● **Exercise inputs**:
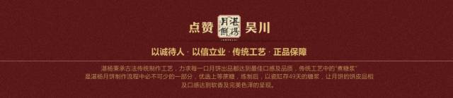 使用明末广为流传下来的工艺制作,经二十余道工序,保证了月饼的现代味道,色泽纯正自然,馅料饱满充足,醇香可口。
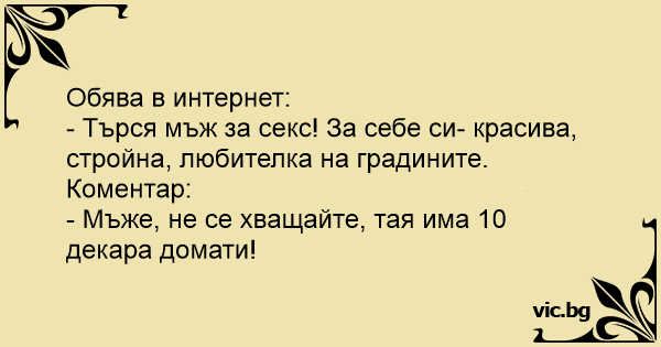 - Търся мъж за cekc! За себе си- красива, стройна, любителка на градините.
* * *
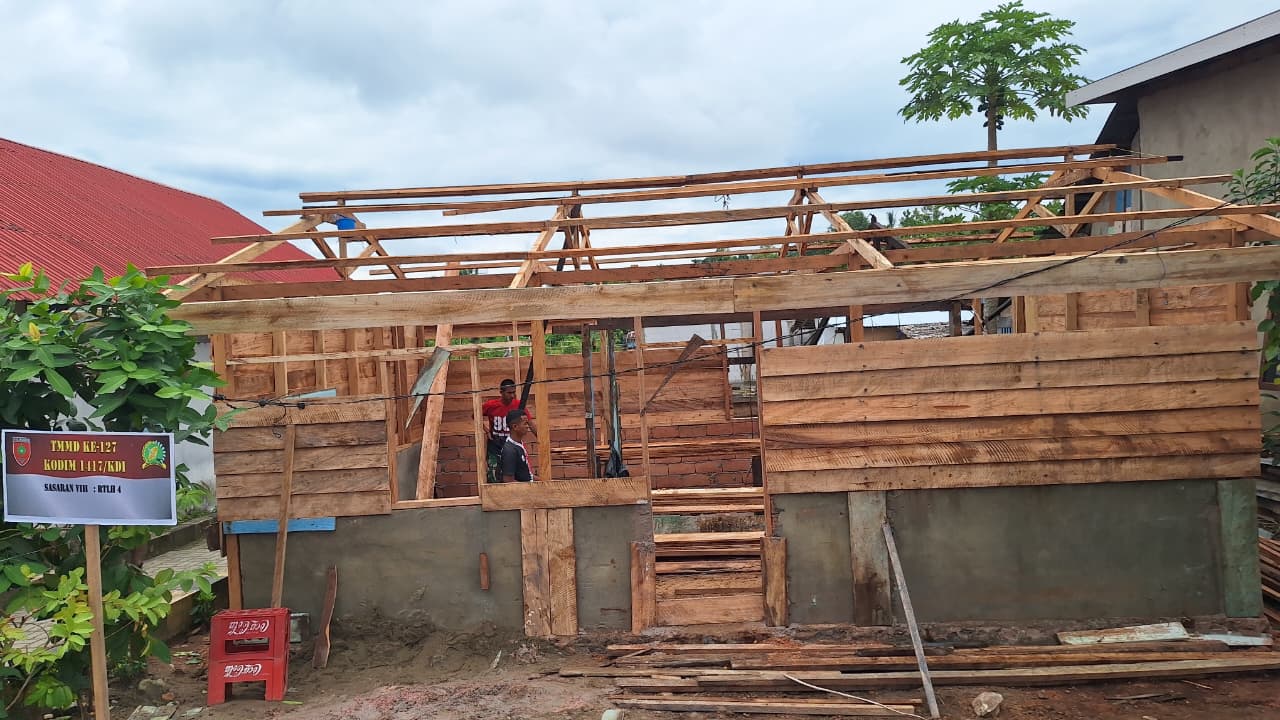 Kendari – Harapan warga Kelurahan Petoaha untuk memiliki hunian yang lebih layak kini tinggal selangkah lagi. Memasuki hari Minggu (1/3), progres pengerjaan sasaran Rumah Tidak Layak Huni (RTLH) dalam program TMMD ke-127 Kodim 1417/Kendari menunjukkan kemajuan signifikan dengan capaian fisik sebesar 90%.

● **Work instructions**: From the material above, reproduce only what runs from the line holding "使用明末广为流传下来的工艺制" down to the line holding "- Търся мъж", both included, pictures excluded.

● **Final answer**:
 使用明末广为流传下来的工艺制作,经二十余道工序,保证了月饼的现代味道,色泽纯正自然,馅料饱满充足,醇香可口。
 - Търся мъж за cekc! За себе си- красива, стройна, любителка на градините.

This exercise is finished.